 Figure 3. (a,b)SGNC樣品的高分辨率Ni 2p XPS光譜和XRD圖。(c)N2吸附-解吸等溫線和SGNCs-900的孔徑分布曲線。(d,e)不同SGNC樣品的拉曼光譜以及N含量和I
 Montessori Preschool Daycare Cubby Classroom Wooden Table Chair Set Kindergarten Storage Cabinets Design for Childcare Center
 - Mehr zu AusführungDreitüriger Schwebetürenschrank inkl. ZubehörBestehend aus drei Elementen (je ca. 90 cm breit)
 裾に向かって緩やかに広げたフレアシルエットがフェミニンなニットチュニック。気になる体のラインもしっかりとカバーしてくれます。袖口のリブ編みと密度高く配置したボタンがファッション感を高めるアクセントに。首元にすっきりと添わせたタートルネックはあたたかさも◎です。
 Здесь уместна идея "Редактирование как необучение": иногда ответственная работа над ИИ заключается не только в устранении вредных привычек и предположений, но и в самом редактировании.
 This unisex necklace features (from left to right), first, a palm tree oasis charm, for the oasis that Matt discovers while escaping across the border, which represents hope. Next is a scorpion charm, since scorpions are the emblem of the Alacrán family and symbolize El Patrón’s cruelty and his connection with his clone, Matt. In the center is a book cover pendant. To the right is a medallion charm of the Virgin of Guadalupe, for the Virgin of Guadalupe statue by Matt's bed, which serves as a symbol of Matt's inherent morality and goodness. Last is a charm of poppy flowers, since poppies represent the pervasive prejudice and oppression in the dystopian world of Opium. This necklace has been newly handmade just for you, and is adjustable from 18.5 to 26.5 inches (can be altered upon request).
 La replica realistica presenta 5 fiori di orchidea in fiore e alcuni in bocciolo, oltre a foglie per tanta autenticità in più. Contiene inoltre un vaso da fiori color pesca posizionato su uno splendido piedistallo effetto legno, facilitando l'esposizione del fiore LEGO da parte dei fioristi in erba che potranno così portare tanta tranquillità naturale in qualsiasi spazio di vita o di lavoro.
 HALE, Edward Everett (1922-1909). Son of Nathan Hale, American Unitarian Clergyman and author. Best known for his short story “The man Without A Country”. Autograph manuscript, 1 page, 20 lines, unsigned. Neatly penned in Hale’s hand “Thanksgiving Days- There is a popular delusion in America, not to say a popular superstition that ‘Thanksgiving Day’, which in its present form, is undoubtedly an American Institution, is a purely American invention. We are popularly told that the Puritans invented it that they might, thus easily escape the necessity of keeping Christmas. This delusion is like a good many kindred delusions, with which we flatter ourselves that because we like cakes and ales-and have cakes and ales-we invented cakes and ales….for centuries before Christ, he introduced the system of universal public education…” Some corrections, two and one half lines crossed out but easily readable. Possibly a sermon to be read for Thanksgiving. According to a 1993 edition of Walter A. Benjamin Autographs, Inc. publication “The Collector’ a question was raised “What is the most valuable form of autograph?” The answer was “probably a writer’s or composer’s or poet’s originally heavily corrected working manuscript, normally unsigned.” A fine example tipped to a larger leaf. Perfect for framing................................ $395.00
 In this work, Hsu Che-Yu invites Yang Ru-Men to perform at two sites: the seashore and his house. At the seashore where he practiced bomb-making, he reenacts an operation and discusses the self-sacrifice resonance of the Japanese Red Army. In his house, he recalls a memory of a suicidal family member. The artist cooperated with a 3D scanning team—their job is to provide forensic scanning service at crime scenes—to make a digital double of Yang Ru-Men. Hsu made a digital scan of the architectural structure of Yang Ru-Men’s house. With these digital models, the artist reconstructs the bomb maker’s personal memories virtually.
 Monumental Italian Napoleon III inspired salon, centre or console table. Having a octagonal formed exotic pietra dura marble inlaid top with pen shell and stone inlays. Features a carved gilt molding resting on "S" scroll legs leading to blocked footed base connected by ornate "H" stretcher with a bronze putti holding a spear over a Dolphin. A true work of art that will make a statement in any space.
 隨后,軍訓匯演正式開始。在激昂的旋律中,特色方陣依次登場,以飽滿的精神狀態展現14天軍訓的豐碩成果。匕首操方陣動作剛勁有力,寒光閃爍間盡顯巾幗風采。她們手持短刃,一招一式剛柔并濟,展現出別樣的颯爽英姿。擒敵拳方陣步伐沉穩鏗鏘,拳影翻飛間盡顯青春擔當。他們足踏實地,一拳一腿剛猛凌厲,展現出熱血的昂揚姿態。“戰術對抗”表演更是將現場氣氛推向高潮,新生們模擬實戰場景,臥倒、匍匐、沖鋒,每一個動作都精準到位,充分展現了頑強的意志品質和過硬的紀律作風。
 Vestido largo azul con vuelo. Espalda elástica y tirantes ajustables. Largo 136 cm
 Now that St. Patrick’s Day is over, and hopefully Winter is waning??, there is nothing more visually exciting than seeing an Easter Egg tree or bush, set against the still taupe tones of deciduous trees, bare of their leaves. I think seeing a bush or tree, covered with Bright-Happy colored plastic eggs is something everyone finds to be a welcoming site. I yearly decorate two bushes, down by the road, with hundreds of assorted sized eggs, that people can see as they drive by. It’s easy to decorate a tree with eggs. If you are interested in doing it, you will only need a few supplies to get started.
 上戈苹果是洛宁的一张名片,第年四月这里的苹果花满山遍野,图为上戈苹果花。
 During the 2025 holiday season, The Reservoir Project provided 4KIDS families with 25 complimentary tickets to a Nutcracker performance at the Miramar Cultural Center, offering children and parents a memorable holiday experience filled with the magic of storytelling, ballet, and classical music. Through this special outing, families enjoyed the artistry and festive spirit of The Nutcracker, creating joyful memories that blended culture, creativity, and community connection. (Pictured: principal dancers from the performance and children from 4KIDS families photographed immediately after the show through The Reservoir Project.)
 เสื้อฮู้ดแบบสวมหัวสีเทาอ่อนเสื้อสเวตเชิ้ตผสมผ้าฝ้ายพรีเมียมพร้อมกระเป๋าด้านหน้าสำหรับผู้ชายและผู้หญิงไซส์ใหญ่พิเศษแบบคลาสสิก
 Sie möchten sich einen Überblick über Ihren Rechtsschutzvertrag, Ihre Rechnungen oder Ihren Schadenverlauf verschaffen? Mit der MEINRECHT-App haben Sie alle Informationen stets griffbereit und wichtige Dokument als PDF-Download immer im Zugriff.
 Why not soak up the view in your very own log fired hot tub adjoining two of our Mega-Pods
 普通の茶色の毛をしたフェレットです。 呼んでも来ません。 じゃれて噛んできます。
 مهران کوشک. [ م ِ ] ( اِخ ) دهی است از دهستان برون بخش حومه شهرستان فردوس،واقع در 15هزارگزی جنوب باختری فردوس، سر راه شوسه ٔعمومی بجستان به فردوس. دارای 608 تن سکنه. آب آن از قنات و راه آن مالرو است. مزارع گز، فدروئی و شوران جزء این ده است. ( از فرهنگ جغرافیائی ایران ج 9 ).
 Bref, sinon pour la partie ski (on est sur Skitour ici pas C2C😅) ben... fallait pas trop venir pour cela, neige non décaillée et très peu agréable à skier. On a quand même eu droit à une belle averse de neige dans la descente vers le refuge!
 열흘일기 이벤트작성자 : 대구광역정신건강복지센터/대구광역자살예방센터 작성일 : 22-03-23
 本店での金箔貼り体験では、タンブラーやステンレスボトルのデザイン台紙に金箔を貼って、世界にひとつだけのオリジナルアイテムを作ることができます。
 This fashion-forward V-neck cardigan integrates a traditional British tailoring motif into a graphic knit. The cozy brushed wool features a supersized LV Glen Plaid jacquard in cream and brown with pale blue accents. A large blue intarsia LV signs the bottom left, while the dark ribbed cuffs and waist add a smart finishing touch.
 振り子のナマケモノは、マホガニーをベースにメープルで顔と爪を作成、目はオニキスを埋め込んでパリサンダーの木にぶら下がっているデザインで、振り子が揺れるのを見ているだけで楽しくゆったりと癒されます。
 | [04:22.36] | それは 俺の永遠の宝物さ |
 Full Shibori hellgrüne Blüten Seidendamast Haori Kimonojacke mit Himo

Work request:
Each line from the start of the records through the line holding "This unisex necklace" must be returned exactly; nothing else belongs in the answer.

Completed task:
 Figure 3. (a,b)SGNC樣品的高分辨率Ni 2p XPS光譜和XRD圖。(c)N2吸附-解吸等溫線和SGNCs-900的孔徑分布曲線。(d,e)不同SGNC樣品的拉曼光譜以及N含量和I
 Montessori Preschool Daycare Cubby Classroom Wooden Table Chair Set Kindergarten Storage Cabinets Design for Childcare Center
 - Mehr zu AusführungDreitüriger Schwebetürenschrank inkl. ZubehörBestehend aus drei Elementen (je ca. 90 cm breit)
 裾に向かって緩やかに広げたフレアシルエットがフェミニンなニットチュニック。気になる体のラインもしっかりとカバーしてくれます。袖口のリブ編みと密度高く配置したボタンがファッション感を高めるアクセントに。首元にすっきりと添わせたタートルネックはあたたかさも◎です。
 Здесь уместна идея "Редактирование как необучение": иногда ответственная работа над ИИ заключается не только в устранении вредных привычек и предположений, но и в самом редактировании.
 This unisex necklace features (from left to right), first, a palm tree oasis charm, for the oasis that Matt discovers while escaping across the border, which represents hope. Next is a scorpion charm, since scorpions are the emblem of the Alacrán family and symbolize El Patrón’s cruelty and his connection with his clone, Matt. In the center is a book cover pendant. To the right is a medallion charm of the Virgin of Guadalupe, for the Virgin of Guadalupe statue by Matt's bed, which serves as a symbol of Matt's inherent morality and goodness. Last is a charm of poppy flowers, since poppies represent the pervasive prejudice and oppression in the dystopian world of Opium. This necklace has been newly handmade just for you, and is adjustable from 18.5 to 26.5 inches (can be altered upon request).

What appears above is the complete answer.